Mlle Flon est touchante dans le rôle de la femme en difficulté, Noel Roquevert est très amusant comme magasinier donquichottesque, Paul Frankeur fait un bon travail comme ancien compagnon de beuverie de Gabin .
Par un tranquille hiver normand, Belmondo se retrouva face au monstre sacré. Gabin ne possédait pas la réputation d'être un homme chaleureux et à aucun moment il ne s'approcha de Jean-Paul pour lui souhaiter la bienvenue. Intrigué et timide, le cadet décida de respecter son intimité et, en dehors des prises de vues, évita de lui adresser la parole, préférant s'installer dans un coin pour lire L'Equipe. Remarquant que cette jeune gloire ne se prenait aucunement au sérieux et paraissait authentiquement passionnée de sport, Gabin finit par s'asseoir à côté de Belmondo et engagea la conversation sur le football. La glace était brisée, les deux hommes sympathisèrent et l'ambiance du tournage fut constamment au beau fixe. Ils parlaient très peu métier mais toujours de sport. Le football, bien sûr, mais aussi la boxe car Gabin avait un beau-frère ex-champion de France poids plume. Gabin traitait Belmondo comme un fils, lui prodiguant des conseils et s'inquiétant dès qu'il le voyait grimper dans sa voiture de sport flambant neuve. Il préférait que Jean-Paul effectuât ses déplacements dans sa propre voiture avec son chauffeur. Belmondo, pour sa part, fut étonné du naturel qui émanait de son aîné. Qu'il évoque le sport en dehors des caméras où qu'il retrouve son rôle sur le plateau, Gabin parlait toujours de la même manière, sans rien changer à son naturel, conservant la même voix, les mêmes gestes, les mêmes intonations. Jamais Belmondo n'avait vu un acteur aussi à l'aise, autant capable de tirer un personnage vers lui jusqu'à lui prêter sa propre voix sans la modifier d'un iota. De plus, sous ses allures bourrues, Gabin se montrait un professionnel remarquable, arrivant toujours sur le plateau tôt le matin et ne le quittant qu'à la fin de la journée, même les jours où il ne tournait pas. L'amitié entre les deux hommes fut telle que Belmondo réussit à convaincre Gabin de participer aux matchs de football qu'il organisait sur la plage ! Mais les choses pouvaient aller plus loin et un jour Gabin et Belmondo se retrouvèrent dans un véritable combat à coups de lance à incendie qui mouilla toute l'équipe.

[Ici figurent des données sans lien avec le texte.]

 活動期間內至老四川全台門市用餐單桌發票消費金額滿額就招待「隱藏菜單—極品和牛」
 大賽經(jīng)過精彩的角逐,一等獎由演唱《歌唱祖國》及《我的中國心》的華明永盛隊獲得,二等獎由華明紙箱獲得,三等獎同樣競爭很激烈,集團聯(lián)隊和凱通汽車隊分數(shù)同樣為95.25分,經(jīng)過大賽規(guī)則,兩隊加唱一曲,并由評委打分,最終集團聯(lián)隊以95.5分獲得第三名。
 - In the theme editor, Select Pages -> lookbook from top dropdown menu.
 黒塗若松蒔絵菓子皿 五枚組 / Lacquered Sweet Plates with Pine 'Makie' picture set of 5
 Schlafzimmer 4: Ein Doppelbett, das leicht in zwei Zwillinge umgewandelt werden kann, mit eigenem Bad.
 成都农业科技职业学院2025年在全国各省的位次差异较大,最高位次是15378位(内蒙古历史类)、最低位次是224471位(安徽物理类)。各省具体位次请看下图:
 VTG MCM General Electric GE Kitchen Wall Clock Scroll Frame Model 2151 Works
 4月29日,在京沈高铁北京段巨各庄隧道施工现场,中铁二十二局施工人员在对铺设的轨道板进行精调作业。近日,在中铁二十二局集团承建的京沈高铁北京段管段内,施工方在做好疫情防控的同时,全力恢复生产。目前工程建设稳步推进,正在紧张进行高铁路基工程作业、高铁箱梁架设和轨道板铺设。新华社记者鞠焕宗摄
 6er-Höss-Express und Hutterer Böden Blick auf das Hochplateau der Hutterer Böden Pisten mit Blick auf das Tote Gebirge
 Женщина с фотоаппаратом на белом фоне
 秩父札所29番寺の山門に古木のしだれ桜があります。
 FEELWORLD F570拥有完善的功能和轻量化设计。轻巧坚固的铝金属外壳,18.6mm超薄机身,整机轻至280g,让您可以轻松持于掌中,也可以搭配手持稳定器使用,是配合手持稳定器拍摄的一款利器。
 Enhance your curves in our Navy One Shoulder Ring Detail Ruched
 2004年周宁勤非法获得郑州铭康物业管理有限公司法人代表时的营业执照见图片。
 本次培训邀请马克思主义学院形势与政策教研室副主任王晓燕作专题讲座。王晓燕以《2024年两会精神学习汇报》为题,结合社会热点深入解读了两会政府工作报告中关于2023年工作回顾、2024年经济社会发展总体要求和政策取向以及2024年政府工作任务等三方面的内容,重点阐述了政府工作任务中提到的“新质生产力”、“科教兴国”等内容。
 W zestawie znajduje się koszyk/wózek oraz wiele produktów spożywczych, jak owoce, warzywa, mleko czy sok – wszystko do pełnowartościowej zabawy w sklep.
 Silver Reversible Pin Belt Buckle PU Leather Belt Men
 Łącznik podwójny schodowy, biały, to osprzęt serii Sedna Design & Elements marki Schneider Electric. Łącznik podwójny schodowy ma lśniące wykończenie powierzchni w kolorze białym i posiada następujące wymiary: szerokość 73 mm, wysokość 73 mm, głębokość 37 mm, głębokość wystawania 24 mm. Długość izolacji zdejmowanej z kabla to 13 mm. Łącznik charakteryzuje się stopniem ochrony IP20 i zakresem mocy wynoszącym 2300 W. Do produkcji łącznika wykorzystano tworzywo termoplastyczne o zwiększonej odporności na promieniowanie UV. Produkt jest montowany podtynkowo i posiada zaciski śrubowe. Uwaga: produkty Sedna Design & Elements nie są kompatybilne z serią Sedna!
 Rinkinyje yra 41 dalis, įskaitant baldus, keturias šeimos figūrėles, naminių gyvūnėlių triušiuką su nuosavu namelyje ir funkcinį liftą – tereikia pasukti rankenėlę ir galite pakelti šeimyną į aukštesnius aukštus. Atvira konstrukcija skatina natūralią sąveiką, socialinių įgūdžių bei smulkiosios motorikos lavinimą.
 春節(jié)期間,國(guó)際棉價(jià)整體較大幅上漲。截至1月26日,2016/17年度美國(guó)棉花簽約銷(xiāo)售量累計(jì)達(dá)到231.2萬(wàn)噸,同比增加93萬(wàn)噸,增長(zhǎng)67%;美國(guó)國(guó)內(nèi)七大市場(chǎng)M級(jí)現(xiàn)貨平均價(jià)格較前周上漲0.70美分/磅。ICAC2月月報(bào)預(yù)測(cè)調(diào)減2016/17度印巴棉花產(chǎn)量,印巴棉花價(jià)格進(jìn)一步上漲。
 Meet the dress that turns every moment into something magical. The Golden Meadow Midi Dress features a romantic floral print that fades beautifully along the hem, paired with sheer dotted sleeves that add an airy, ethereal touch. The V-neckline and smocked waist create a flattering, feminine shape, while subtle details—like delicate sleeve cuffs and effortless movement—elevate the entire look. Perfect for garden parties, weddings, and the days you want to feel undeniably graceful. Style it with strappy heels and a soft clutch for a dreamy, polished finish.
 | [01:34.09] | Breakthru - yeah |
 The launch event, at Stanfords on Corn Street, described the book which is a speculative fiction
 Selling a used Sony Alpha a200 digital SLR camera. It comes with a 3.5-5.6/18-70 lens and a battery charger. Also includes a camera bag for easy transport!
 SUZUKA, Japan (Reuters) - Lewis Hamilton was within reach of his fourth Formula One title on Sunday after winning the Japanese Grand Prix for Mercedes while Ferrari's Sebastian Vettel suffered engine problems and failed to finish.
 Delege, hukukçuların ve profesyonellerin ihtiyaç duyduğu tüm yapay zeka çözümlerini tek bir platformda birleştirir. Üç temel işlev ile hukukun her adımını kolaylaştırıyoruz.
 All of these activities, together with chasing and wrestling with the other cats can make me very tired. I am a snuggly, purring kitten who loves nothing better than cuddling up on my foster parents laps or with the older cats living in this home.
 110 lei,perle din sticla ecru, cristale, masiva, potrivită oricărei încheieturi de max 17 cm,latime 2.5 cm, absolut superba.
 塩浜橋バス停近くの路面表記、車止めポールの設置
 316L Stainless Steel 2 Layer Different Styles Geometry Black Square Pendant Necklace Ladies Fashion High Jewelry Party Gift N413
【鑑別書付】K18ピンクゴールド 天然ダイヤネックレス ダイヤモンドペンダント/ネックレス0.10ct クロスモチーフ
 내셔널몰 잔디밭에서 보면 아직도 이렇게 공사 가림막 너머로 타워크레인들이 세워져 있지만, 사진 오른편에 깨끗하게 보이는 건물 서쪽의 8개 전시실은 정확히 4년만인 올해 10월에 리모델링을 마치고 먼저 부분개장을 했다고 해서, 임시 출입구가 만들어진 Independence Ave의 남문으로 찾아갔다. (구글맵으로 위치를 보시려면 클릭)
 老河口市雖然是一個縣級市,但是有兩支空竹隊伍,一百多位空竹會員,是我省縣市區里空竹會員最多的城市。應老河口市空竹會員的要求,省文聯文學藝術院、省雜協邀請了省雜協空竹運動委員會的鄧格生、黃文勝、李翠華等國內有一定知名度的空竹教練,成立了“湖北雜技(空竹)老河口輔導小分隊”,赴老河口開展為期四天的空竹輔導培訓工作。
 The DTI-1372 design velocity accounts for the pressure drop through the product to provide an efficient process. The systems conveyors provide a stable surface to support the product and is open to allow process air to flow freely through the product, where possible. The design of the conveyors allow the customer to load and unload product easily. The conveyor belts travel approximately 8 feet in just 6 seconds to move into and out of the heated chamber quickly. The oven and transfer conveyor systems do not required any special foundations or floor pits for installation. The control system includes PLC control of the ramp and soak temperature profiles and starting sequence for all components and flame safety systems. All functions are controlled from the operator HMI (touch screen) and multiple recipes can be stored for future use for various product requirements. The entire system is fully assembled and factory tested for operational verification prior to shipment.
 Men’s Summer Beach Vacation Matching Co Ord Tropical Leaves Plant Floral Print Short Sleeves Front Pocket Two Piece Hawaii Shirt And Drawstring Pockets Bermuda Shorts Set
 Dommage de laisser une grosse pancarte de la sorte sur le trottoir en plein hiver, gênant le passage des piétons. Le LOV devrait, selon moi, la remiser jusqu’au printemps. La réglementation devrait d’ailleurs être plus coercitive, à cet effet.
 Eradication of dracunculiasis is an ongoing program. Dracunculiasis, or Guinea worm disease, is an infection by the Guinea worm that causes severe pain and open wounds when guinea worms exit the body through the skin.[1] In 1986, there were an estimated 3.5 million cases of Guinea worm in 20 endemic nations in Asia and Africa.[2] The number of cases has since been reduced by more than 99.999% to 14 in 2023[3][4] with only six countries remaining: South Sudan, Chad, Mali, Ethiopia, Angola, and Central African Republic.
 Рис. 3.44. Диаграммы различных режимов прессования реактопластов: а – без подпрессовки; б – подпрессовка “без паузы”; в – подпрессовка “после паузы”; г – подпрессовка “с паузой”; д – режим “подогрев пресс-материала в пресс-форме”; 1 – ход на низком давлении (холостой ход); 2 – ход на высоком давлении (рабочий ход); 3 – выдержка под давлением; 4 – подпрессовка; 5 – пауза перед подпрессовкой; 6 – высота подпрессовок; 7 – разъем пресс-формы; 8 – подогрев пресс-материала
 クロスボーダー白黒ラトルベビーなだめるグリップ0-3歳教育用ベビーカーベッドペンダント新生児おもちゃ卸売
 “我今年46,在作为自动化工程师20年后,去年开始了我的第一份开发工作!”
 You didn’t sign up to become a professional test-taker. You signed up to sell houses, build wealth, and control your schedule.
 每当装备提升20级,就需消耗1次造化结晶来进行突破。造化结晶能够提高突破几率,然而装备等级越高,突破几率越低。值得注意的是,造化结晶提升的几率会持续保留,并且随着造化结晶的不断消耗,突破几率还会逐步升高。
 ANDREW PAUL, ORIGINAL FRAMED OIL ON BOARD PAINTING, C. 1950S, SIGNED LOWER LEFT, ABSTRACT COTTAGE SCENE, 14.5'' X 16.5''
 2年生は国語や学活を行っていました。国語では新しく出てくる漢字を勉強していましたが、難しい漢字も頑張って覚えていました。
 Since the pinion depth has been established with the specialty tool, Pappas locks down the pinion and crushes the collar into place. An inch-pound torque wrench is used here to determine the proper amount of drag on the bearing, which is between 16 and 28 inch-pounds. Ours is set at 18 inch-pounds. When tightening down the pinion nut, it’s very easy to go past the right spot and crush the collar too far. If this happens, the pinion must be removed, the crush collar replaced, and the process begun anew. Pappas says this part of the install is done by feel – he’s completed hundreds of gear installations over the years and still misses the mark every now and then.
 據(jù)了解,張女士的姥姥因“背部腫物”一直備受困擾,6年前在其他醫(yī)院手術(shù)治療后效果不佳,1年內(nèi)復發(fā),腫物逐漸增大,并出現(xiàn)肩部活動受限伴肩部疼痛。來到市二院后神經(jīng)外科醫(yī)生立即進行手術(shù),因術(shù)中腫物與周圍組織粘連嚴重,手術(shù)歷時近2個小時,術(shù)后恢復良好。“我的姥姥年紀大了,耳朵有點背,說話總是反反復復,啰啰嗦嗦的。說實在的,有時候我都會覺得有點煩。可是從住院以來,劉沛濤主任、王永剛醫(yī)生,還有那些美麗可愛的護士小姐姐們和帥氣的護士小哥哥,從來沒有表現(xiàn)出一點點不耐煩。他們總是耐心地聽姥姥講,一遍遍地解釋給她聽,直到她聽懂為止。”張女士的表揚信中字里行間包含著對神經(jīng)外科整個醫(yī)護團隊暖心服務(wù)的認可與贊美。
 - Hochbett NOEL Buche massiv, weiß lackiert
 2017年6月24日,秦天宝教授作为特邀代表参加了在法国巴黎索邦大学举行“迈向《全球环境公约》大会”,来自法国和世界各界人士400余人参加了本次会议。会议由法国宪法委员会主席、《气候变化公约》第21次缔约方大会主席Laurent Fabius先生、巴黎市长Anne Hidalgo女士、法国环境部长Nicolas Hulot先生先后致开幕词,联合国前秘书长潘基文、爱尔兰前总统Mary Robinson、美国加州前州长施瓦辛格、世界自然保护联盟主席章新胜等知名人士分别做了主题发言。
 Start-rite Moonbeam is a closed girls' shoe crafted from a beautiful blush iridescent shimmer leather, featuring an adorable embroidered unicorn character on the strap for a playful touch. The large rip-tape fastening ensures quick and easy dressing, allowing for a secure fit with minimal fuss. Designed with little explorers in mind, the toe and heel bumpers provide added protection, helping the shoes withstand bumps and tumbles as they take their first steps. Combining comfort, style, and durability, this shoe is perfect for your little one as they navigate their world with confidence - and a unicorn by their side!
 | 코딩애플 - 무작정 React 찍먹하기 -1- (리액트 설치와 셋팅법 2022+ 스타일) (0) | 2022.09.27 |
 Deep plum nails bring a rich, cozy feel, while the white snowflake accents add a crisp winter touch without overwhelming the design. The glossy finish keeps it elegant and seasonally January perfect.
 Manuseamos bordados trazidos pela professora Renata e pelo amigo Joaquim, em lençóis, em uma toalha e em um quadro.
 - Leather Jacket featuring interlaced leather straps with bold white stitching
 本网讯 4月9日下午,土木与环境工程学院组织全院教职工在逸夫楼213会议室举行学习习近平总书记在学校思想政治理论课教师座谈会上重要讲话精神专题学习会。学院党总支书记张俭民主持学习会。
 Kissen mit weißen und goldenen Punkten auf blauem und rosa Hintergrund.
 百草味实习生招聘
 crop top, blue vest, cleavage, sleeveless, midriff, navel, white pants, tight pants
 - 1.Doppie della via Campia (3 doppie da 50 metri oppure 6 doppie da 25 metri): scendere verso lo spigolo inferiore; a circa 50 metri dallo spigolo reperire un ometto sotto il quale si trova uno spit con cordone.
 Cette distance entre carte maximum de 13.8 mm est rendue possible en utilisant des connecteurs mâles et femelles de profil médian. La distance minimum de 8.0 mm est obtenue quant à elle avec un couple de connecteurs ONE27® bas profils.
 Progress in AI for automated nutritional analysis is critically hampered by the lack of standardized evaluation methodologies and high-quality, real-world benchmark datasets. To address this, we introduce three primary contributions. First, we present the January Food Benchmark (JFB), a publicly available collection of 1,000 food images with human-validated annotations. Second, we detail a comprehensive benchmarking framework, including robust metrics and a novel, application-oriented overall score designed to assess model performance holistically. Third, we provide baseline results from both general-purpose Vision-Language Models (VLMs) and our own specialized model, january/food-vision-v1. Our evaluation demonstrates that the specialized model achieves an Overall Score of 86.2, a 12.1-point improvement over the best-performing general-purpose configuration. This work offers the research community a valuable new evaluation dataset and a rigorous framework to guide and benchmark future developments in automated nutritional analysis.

La sortie de "Un singe en hive"r n'eut malheureusement pas le succès grandiose que le film méritait .. Il faut dire que cette année-là les spectateurs se ruaient vers les superproductions américaines comme Le Jour le plus long et West Side Story. De plus le film de Verneuil eut quelques démêlés avec la commission de censure. Une représentante du ministère de la Santé, , s'indigna qu'un film pût faire l'apologie de l'alcool, plus encore elle s'affirma offusquée que les marques des apéritifs fussent parfaitement visibles à l'écran. Suivant sa propre logique elle tenta d'interdire le film mais, heureusement, n'y parvint pas. Sous la patine du temps, Un singe en hiver devint néanmoins un classique largement apprécié. Il reste également l'unique rencontre professionnelle de Gabin et de Belmondo.